Human genome sequencing has been assisting researchers in the following research areas:

Genetic diseases
Cancers
Pathogenesis mechanisms
Human population origins

Benefits of Novogene Human Whole Genome Sequencing

High-quality data to cover whole human genomes for documentation of SNPs, InDels, SVs, and CNVs.
Efficient discovery of repeated sequences through third-generation sequencing long-reads technology.
Cost-effective strategy, low-pass sequencing, and imputation services for genome-wide association studies (GWAS) that are available for large cohorts or in complex disease research.
Professional bioinformatics pipeline and internationally recognized, best-in-class softwares to provide customers with reliable and publication-ready data.

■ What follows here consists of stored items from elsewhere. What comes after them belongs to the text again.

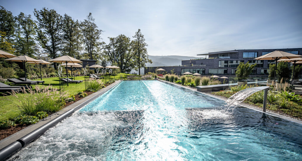 Der Wellnessbereich trägt den Namen „GesundKunft-Spa“ und sieht die nachhaltige Erholung und Regeneration des Gastes als seine wichtigste Aufgabe. Wenn man alle Innen- und Außenbereiche mit den drei Sonnendecks, dem Naturgarten, den gemütlichen Rückzugsplätzen und dem kuscheligen Waldpavillon mit offenem Kamin dazu zählt, kommt man auf 18 500 Quadratmeter!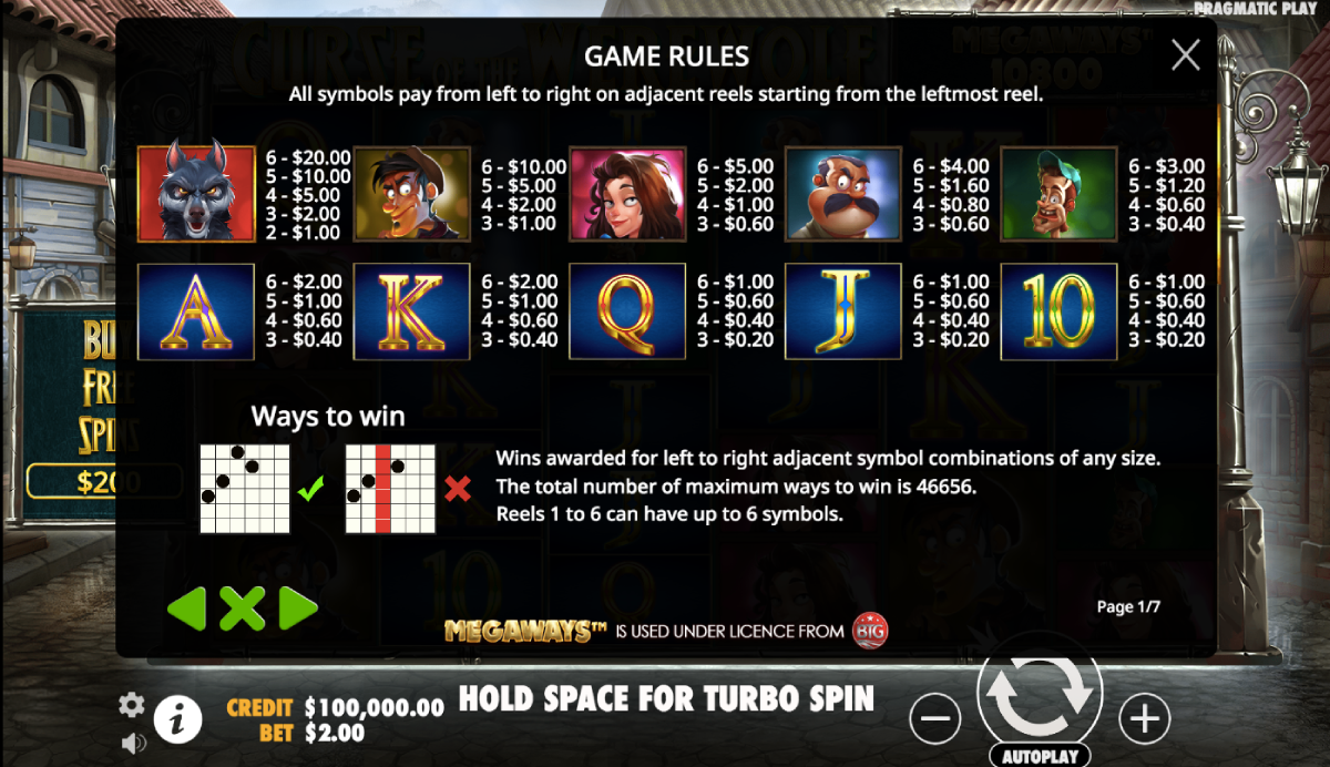Before you start to play the Curse of the Werewolf Megaways, you need to choose how much money you want to bet. You could start wagering anywhere from $.10 up to $100 per spin. Now that we went over the betting limits, let’s move onto the pay table. If you score a 10 a jack or king you will win five times your bed. If you match 310 Jager Queens you will win three times your bet.
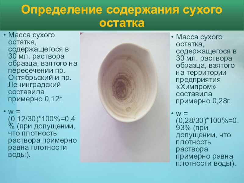 Масса сухого остатка, содержащегося в 30 мл. раствора образца, взятого на территории предприятия «Химпром» составила примерно 0,28г.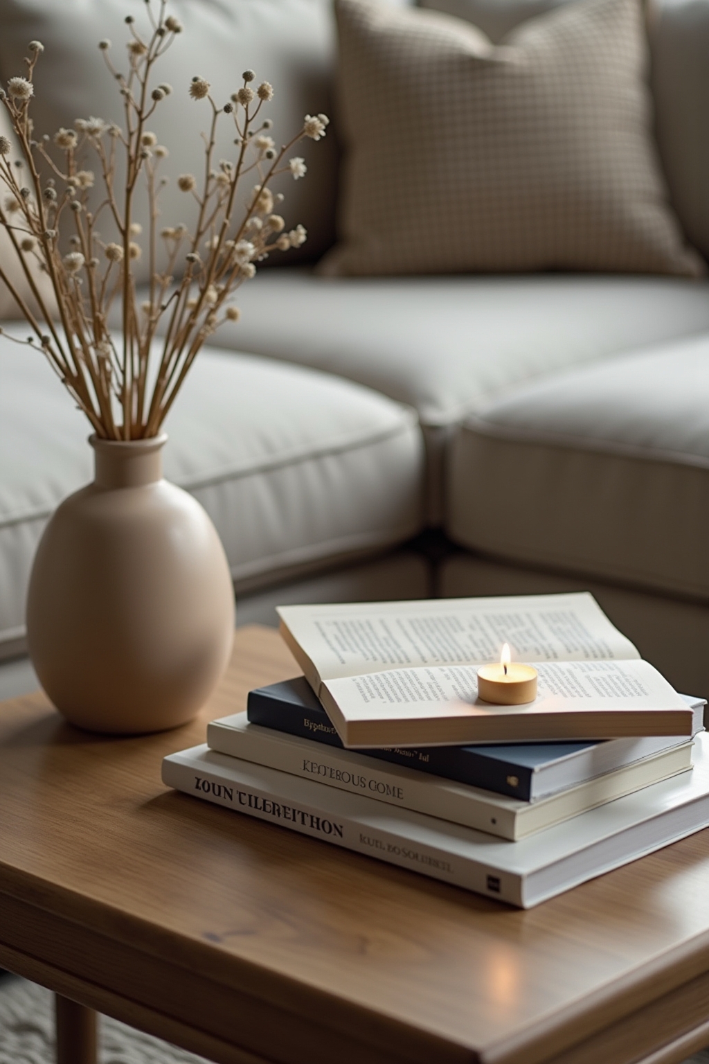 Perfecte balans: Combineer decoratieve elementen met functionele items zoals boeken of schalen voor een praktische én stijlvolle salontafel.
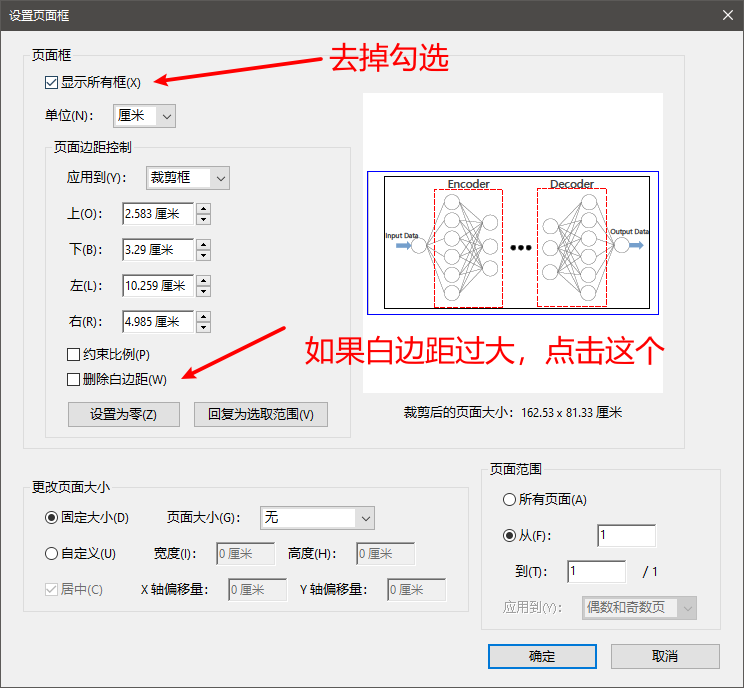 然后会出现如下的框,去掉勾选“显示所有框”(这一步是去掉黑边,有时会出现pdf在LaTeX里面有框的问题)然后如果内容的白边框太宽,可以点击“删除白边距”。

hWGS Specifications: DNA Sample Requirements

Platform Type	Sample Type	Amount (Qubit®)	Purity
Illumina NovaSeq X Plus /NovaSeq6000	Genomic DNA	≥ 200 ng	A260/280=1.8-2.0; no degradation, no contamination
	Genomic DNA (PCR free)	≥ 1.1 μg	A260/280=1.8-2.0; no degradation, no contamination
	Genomic DNA from FFPE tissue	≥ 400 ng	Fragments should be ≥ 1500 bp
PacBio Revio DNA HiFi library	HMW Genomic DNA	≥ 3 μg	A260/280=1.75-2.0; A260/230=1.5-2.6; *NC/QC=1.0-2.2 Fragments should be ≥ 30 kb
PacBio PCR product library	PCR product	≥ 2 μg	OD260/280=1.75~2.0; OD260/230=1.4~2.6; *NC/QC=0.95~3.00; Single band (PacBio library fragments distributed above 1k)
Nanopore PromethION DNA library	HMW Genomic DNA	≥ 8 μg	A260/280=1.75-2.0; A260/230=1.4-2.6; *NC/QC=0.95~3.00 Fragments should be ≥ 30 kb
Nanopore Ultra-long DNA Library	uHMW Genomic DNA (blood and cells)	≥ 30 μg	OD260/280=1.7-2.0; OD260/230=1.3-2.6; *NC/QC=0.95-3.00; Fragments should be ≥ 300K, no fragments below 30k.
Nanopore PCR product library	PCR product	≥ 2 μg	OD260/280=1.75~2.0; OD260/230=1.4~2.6; *NC/QC=0.95~3.00; Single band

*NC/QC: NanoDrop concentration/Qubit concentration

hWGS Specifications: Sequencing and Analysis

Platform Type	Illumina NovaSeq X Plus /NovaSeq6000	PacBio Revio/sequel II/sequel IIe	Nanopore PromethION
Read Length	Paired-end 150 bp	> 15 kb (Average)	> 17 kb (Average)
Sequencing Depth	For rare diseases: 30-50×	For genetic diseases: 10-20×	For genetic diseases: 10-20×
Sequencing Depth	For tumor tissues: 50×; For adjacent normal tissues and blood: 30×	For tumor tissues: ≥20×	For tumor tissues: ≥20×
Standard Data Analysis	Data quality control Alignment with reference genome SNP/InDel/SV/CNV detection Somatic SNP/InDel/SV/CNV detection (For tumor-normal paired samples)	Data quality control Sequence alignment Structural variant (SV) detection Variation annotation

Note: Values of sequencing depths are only listed for your reference. Download the Service Specifications to learn more. For detailed information, please contact us for your customized requests.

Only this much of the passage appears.